(Beginning of Supplied information)

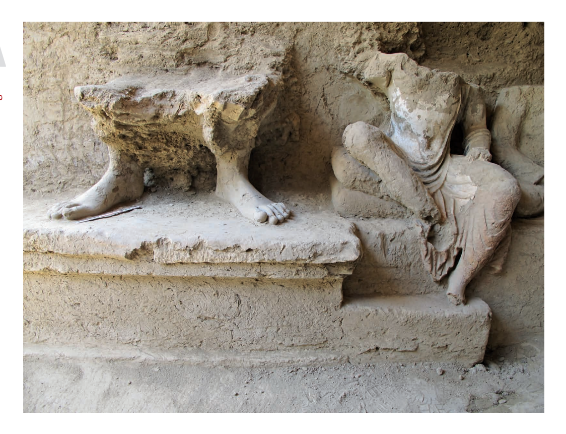
Fig. 4 Tepe Narenj (Zone 14): bodhisattva image in pensive position (to the right).
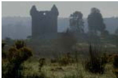
Monea Castle.
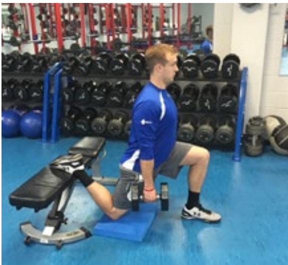
FIGURE 24. DUMBBELL BULGARIAN SPLIT SQUAT

(End of Supplied information)

Copy the listing character for character, pictures omitted.

- Result for this task
Fig. 4 Tepe Narenj (Zone 14): bodhisattva image in pensive position (to the right).
Monea Castle.
FIGURE 24. DUMBBELL BULGARIAN SPLIT SQUAT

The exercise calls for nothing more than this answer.